Un tien vaut mieux que deux tu l'auras. Cette morale, issue d'une fable de La Fontaine, pourtant une de mes préférées, est on ne peut plus appliquable à l'anecdote que je vais vous conter sur ce qui m'arriva il y a quelques semaines, un Jeudi soir au Bistrot du Coin, alors que Bruno ronflait et que le bar était calme.... (Pause pour marquer l'emphase):

 

A mon bar j'étais seul lors d'un soir ordinaire,

Lorsqu'entra, décidé, un homme d'un pas fier.
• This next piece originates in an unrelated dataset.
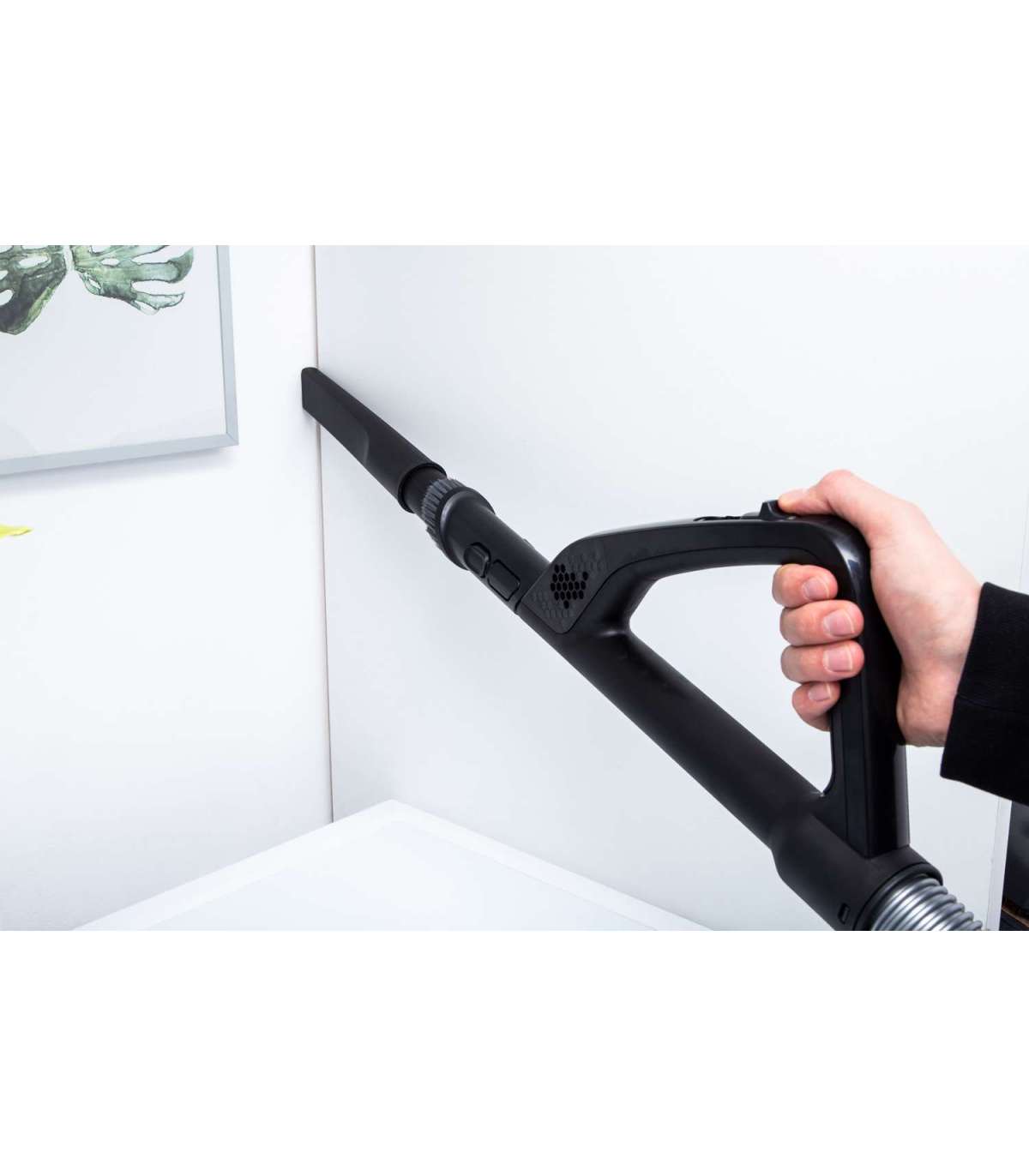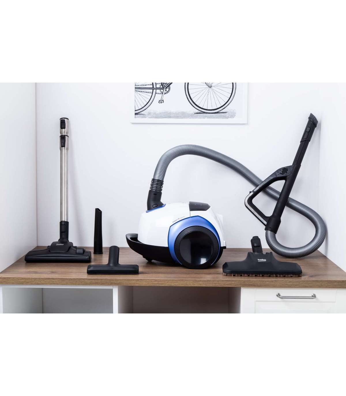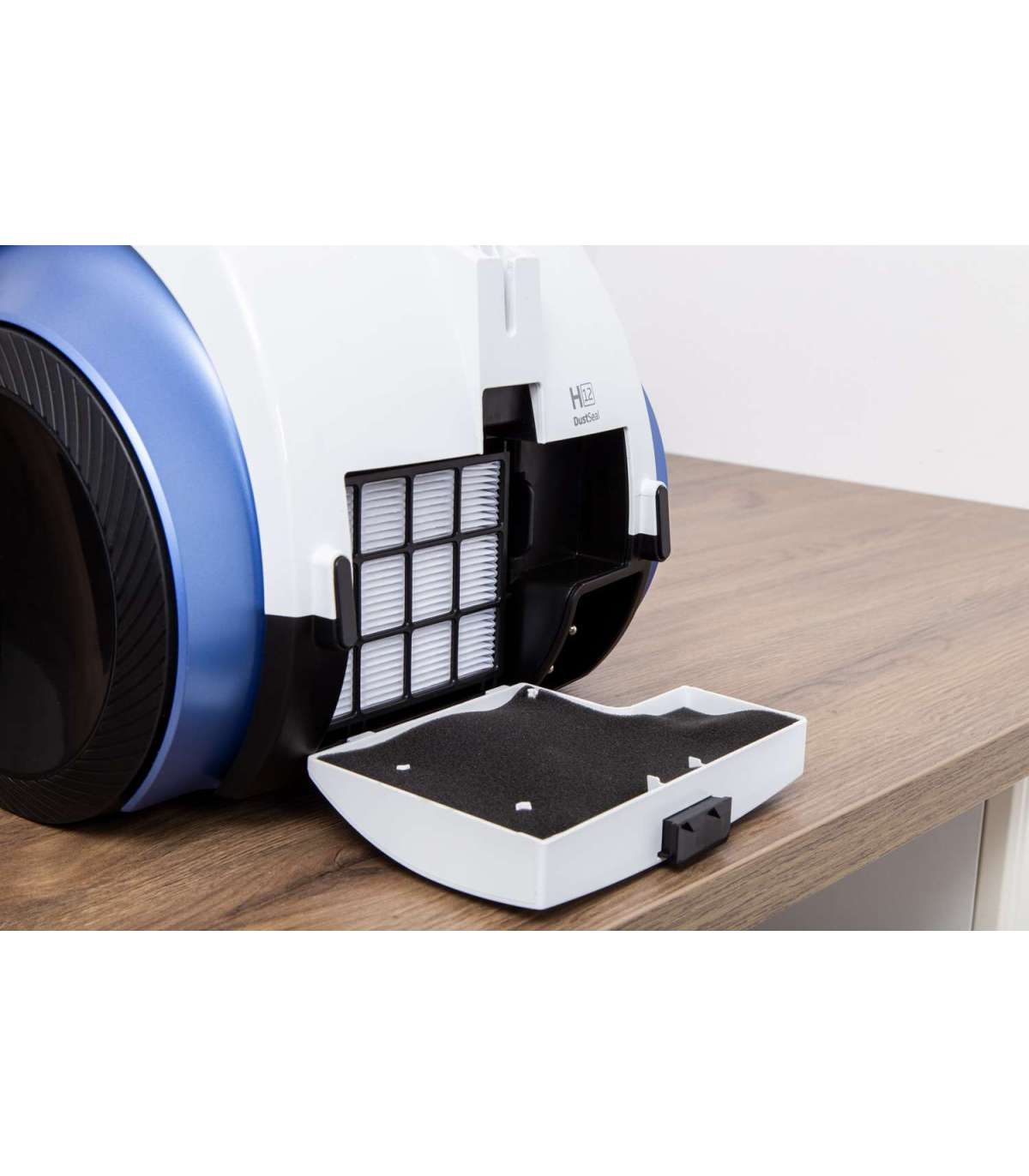 Mugav, käepidemelt juhitava võimsuse reguleerimisega ja suure tolmukoti mahutavusega (4,0 l) tolmuimeja, mootori võimsus 800 W, hügieeniline HEPA12 filter. Universaalhari, piluotsik, parketihari, metallist teleskooptoru, automaatne juhtme tagasikerimine, tööraadius 9 m. Madal müratase: 72 dB. Värv: valge/sinine.     Kõvapõranda puhastustõhusus A HEPA filter HEPA12 Tolmukoguja maht 4,0 l Teleskooptorud Automaatne juhtme kerimine Müratase 72 dB Värv valge Kaal 5,9 kg

A cette apparition nul ne fut plus de joie

qu'un barman solitaire et son chiffon de soie.

 

"Une bière, l'ami, commanda l'inconnu,

Sers-toi donc pour ta peine quelque boisson magique

Qui sera, bien t'en fasse, sur ma note retenue,

Pour que sur l'instant, fuit cet air mélancolique."

 

Par ces paroles heureuses, je fût d'emblée séduit

Non par attirance gay, comme l'eût pensé Louise,

Mais par amour sincère, celui qui est décrit

Par l'Auvergnat d'Brassens qui rit et qui se grise.

 

Nous passâmes ainsi une bonne partie d'la nuit,

Lui, parlant, épatant, de mille et un sujets

Moi, servant, ébahit, assoiffé des récits

Dont il me gratifiait, me payant des godets.

 

Alors il se fit tard, je n'allais pas tarder,

A bien fermer mon bar et rejoindre Morphée,

"Pas sans un dernier verre! M'enjoignit l'inconnu

Scellons cette amitié avant qu'on n'y puisse plus"

 

C'est alors dans le flou que fini cette fable

Ah! ignoble gredin qui se dit mon ami

Me fit boire tout mon saoul toute la nuit

Et partit sans payer mais avec mon portable.

 

Ainsi donc, chers lecteurs, vous qui m'êtes fidèles,

Encaissez sans attente les clients charmeurs,

Vous perdrez un "ami", sauvant un PEL,

Qu'il me fallut descendre, réparant mon erreur.

 

Exercice de style, bien loin de ceux de Queneau que je vous recommande, qui saura, je l'espère, vous distraire et vous plaire. Pour la petite histoire j'ai recroisé une fois le vilain dans un bar de St Michel, il m'a reconnu et est parti bien vite...Il faut dire que j'étais avec mon meilleur pote Clic-clac qui a une bonne carrure!